● TASK PROMPT: From the top of the records below down to the line containing "삼겹살을 못 먹는 사람이", reproduce every line exactly.

--- PROVIDED MATERIAL Enclosed Below ---

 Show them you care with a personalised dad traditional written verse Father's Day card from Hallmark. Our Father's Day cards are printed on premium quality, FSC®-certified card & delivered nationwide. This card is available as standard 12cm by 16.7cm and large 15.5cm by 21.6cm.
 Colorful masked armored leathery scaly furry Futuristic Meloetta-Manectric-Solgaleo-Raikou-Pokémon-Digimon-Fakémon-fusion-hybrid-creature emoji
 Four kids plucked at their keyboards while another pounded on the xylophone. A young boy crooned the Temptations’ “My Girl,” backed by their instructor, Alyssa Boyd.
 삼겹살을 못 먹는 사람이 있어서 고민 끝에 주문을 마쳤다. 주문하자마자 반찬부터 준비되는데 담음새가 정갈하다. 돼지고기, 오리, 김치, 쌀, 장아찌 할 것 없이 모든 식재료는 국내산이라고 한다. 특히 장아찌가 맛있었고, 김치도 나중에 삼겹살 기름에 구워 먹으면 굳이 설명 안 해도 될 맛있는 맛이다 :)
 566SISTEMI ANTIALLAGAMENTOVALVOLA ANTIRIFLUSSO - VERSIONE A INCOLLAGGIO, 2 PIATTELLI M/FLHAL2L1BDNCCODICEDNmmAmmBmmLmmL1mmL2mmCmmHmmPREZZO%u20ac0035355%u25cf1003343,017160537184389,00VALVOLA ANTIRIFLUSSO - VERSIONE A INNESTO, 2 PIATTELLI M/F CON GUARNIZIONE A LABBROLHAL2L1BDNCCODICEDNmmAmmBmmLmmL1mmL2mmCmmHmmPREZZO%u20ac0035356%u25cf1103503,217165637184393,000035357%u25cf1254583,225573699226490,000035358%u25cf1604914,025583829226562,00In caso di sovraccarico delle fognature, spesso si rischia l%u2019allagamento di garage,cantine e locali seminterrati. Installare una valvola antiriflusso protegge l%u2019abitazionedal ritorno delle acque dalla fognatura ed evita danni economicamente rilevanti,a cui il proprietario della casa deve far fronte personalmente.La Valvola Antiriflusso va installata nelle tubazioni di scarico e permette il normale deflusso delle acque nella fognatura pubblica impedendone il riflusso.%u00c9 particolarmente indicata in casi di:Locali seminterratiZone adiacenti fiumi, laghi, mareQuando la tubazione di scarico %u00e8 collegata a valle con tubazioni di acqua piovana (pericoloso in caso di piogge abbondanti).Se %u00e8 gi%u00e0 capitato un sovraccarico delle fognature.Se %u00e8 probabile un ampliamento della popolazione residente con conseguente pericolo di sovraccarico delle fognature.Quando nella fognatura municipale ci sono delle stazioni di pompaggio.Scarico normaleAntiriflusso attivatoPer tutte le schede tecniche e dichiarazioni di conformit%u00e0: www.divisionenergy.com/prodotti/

--- End of Enclosed PROVIDED MATERIAL ---

● SOLUTION TO THIS TASK:
 Show them you care with a personalised dad traditional written verse Father's Day card from Hallmark. Our Father's Day cards are printed on premium quality, FSC®-certified card & delivered nationwide. This card is available as standard 12cm by 16.7cm and large 15.5cm by 21.6cm.
 Colorful masked armored leathery scaly furry Futuristic Meloetta-Manectric-Solgaleo-Raikou-Pokémon-Digimon-Fakémon-fusion-hybrid-creature emoji
 Four kids plucked at their keyboards while another pounded on the xylophone. A young boy crooned the Temptations’ “My Girl,” backed by their instructor, Alyssa Boyd.
 삼겹살을 못 먹는 사람이 있어서 고민 끝에 주문을 마쳤다. 주문하자마자 반찬부터 준비되는데 담음새가 정갈하다. 돼지고기, 오리, 김치, 쌀, 장아찌 할 것 없이 모든 식재료는 국내산이라고 한다. 특히 장아찌가 맛있었고, 김치도 나중에 삼겹살 기름에 구워 먹으면 굳이 설명 안 해도 될 맛있는 맛이다 :)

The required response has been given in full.